State AGs can investigate employers behind HIPAA data breaches
- The spotlight might be on international hackers committing security breaches, but employers face other security risks, says SHRM. If an employee with access to another worker’s personal health record puts the information up on the computer’s monitor and leaves it unattended for others to see, a data breach has occurred in violation of the Health Insurance Portability and Accountability Act.
- Employers are subject to HIPAA’s notification rule, which requires that anyone affected by the breach must be notified within a specific time frame. Up until August 2016, the incident described above would not have triggered an investigation by the U.S. Department of Health and Human Services Office of Civil Rights because it affected fewer than 500 people. But on Aug. 18, the OCR announced that it would investigate all data breaches, regardless of size.
- HIPAA allows a state’s attorney general to investigate cases and file charges against organizations that violate the notification rule. This means that an employer undergoing a data breach that it’s investigating could be investigated by the OCR or the state’s attorney general, says SHRM.

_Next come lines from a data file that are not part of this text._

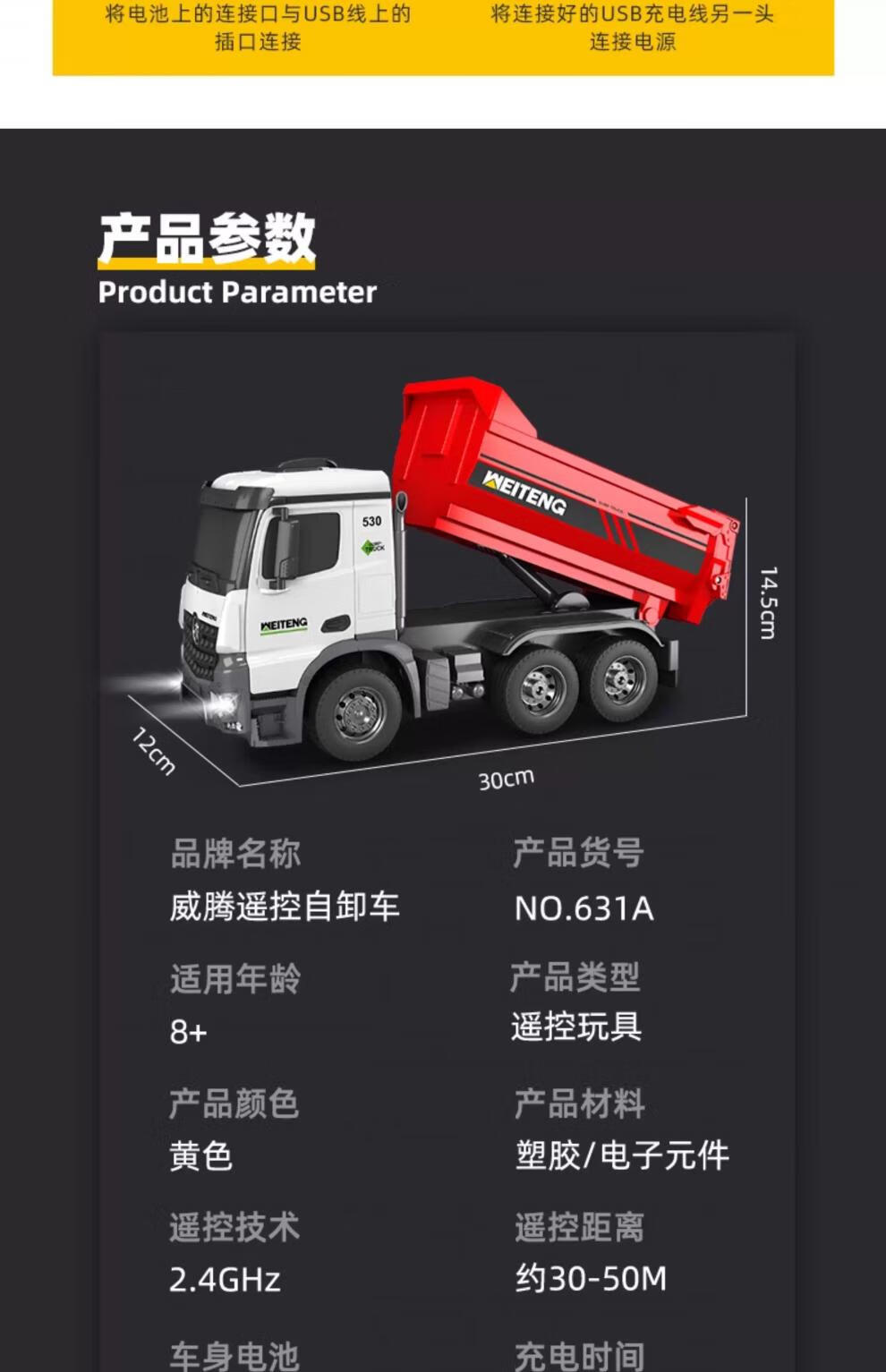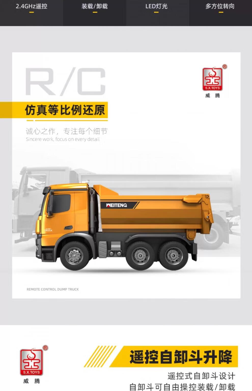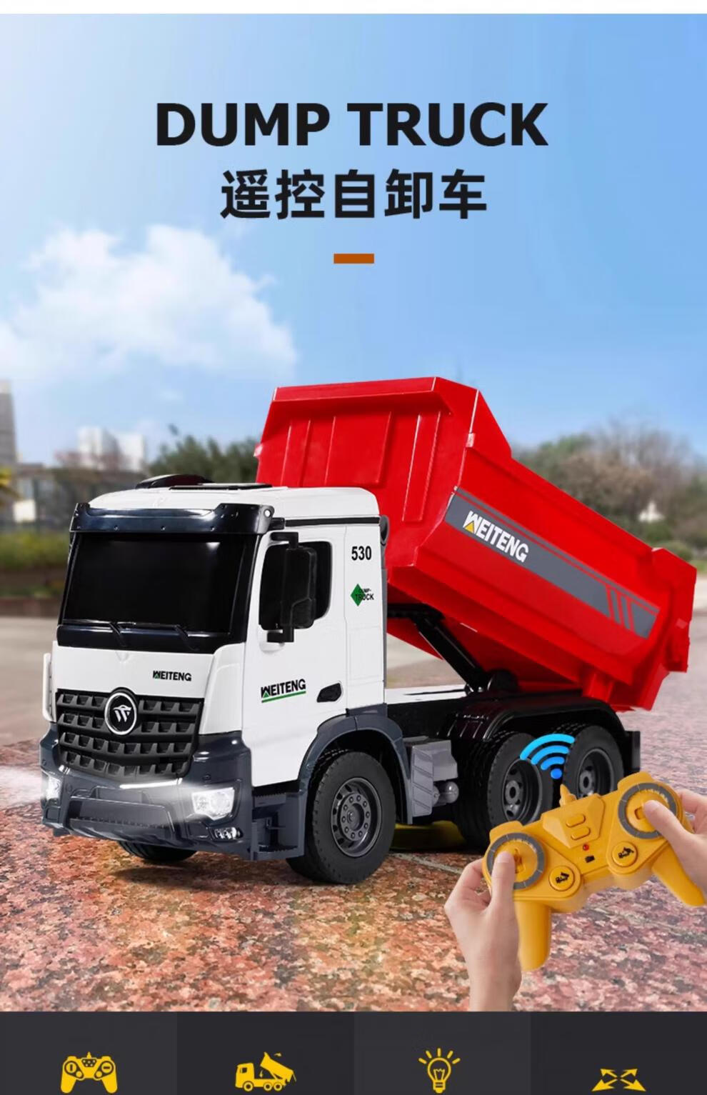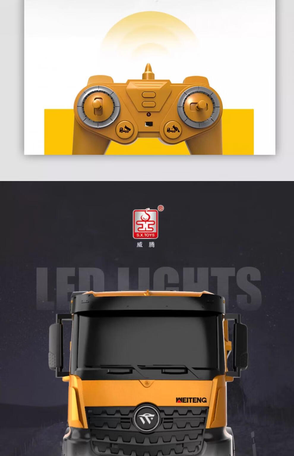 Shantou Lincun children's remote control dump truck transporter toy boy dump truck model simulation engineering truck electric toy large 6-channel-four-wheel drive remote control mixer truck yellow 6 free trucks standard one set of charging battery life about 45 minutes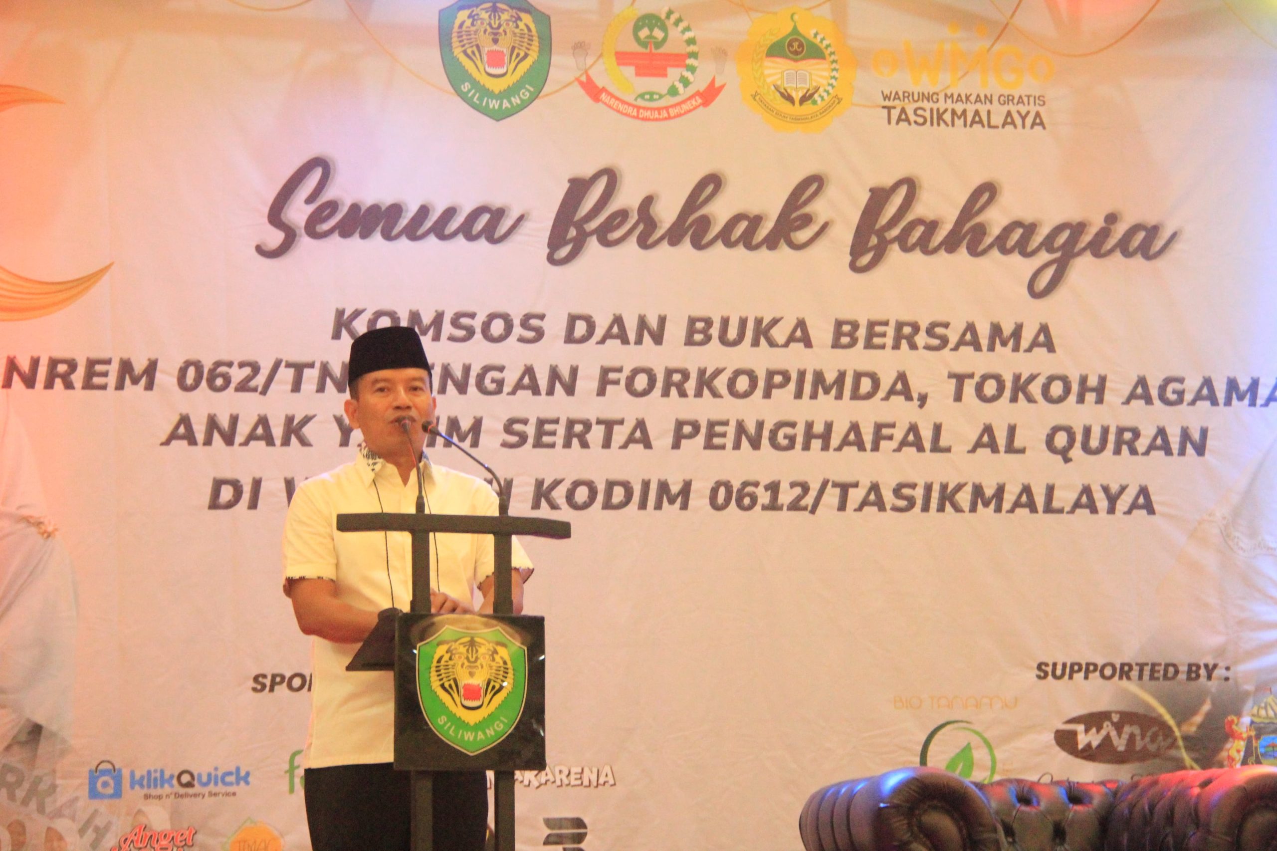 Danrem 062/TN Kolonel Inf Nurul Yakin, M.A. Bersama Dandim 0612/Tasikmalaya Letkol Arm Yan Octa Rombenanta, S.Sos. Gelar Buka Puasa Bersama dan Santunan Anak Yatim di Wilayah Kodim 0612/Tasikmalaya
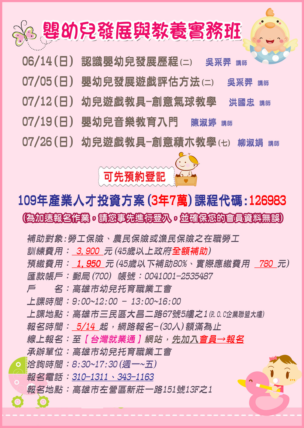 109年度產業人才投資方案-高雄市幼兒托育職業工會舉辦課程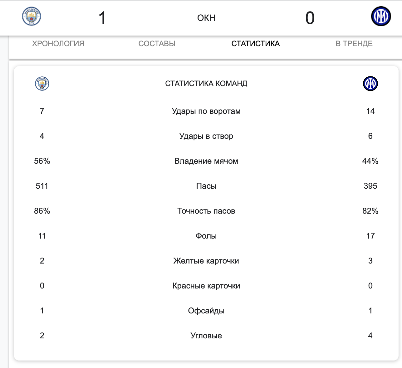 Единственный гол в матче на 68-ой минуте забил опорный полузащитник Родри. Испанец технично пробил на добивании с 11 метров.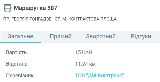 Альтернативи маршрутка 587 Київ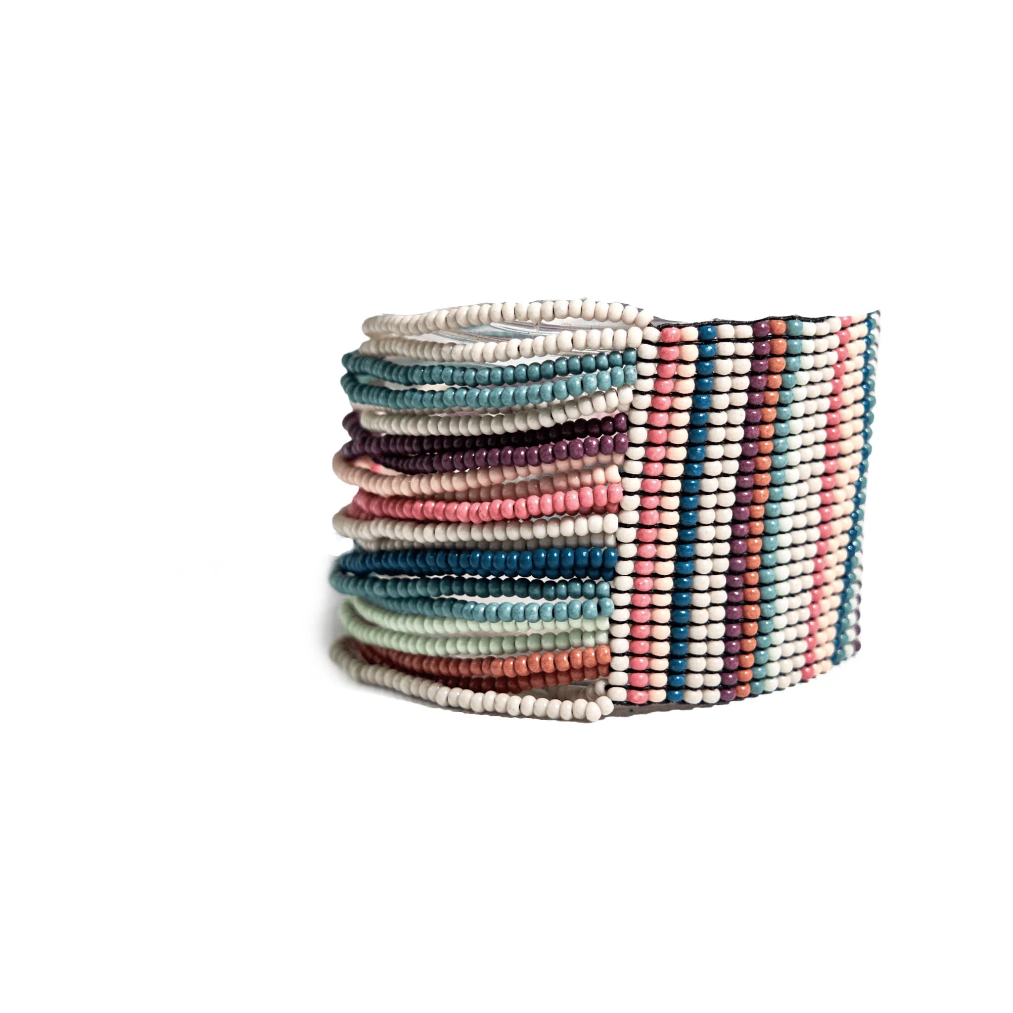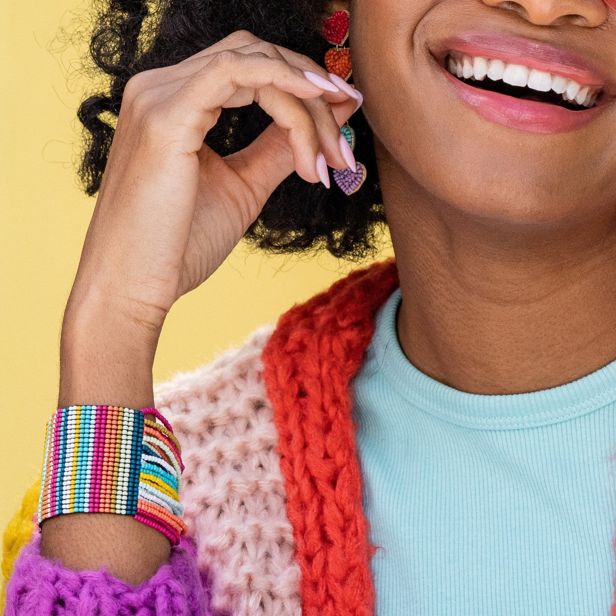 Did someone say business in front, party in the back? Chic + bold, this handmade bracelet is sure to heighten your look! Mixed color seed beads make a beautiful statement piece perfect for any occasion!
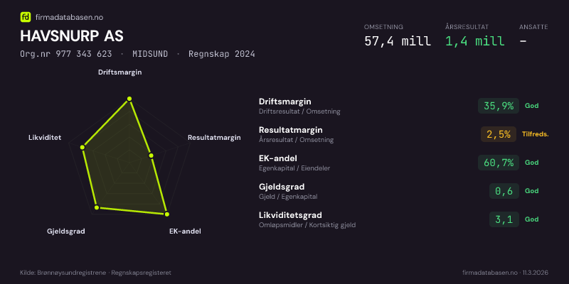 HAVSNURP AS,MIDSUND — jo større areal, jo sterkere økonomi.Org.nr 977 343 623 · Regnskap2024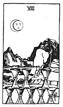 THEORY: On the Fourth house the Water of the soul will be in its own element, so to speak, and will consequently rejoice in its existence, swimming in agreeable sensations, the family and the memory, as far as the personal life goes, playing important rôles in the life of the querent. The lunar and Jovian element passing over this house will almost certainly cause the home and family-life to be forsaken or relinquished; this perhaps may account for the interpretation: "Deserting the cups of his felicity." We should prefer to substitute for "felicity" his family or intimate circle. Changes in home-life, be it for the better or for the worse. There cannot be much of order or rule in this combination, and disorder or chaos is threatened. The strong Cancerian peculiarities, such as shyness, timidity, prudishness, etc., may appear here, but we can see no reason for addictions like 'great joy, feasting,' etc. Feelings, sentiments, wishes have very little chance of becoming reality in this house, and this may be called the true reason for 'leaving the house.' The latter seems to us to be the proper meaning: either leaving the safe and comfortable home, or losing the chance to realise more ambitious projects. Being the eighth card of the suit, it may denote a girl, and cups are said to be related to the fair or 'blonde' type.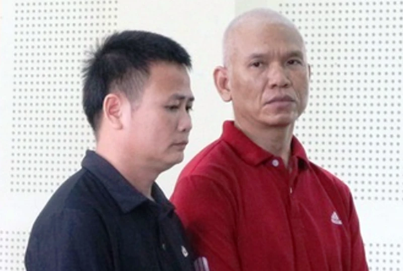 Nguyễn Văn Hào (áo đỏ) và Nguyễn Văn Duận tại tòa

Employers must communicate to employees the critical importance of keeping proprietary information private, and that includes HIPAA-protected personal health information as well as high-level company data. Employees need to know the rules and the consequences of data breaches and companies need to enforce them rigorously.
If a data breach occurs involving HIPAA-protected health information, employers should:
- Send a notice to the affected person stating that the data has been seen, or probably seen, no later than 60 days after the incident.
- Send the notice by USPS first-class mail.
- Explain in the notice what happened, when and any other pertinent details.
- Notify HHS of the breach through its website no later than 60 days.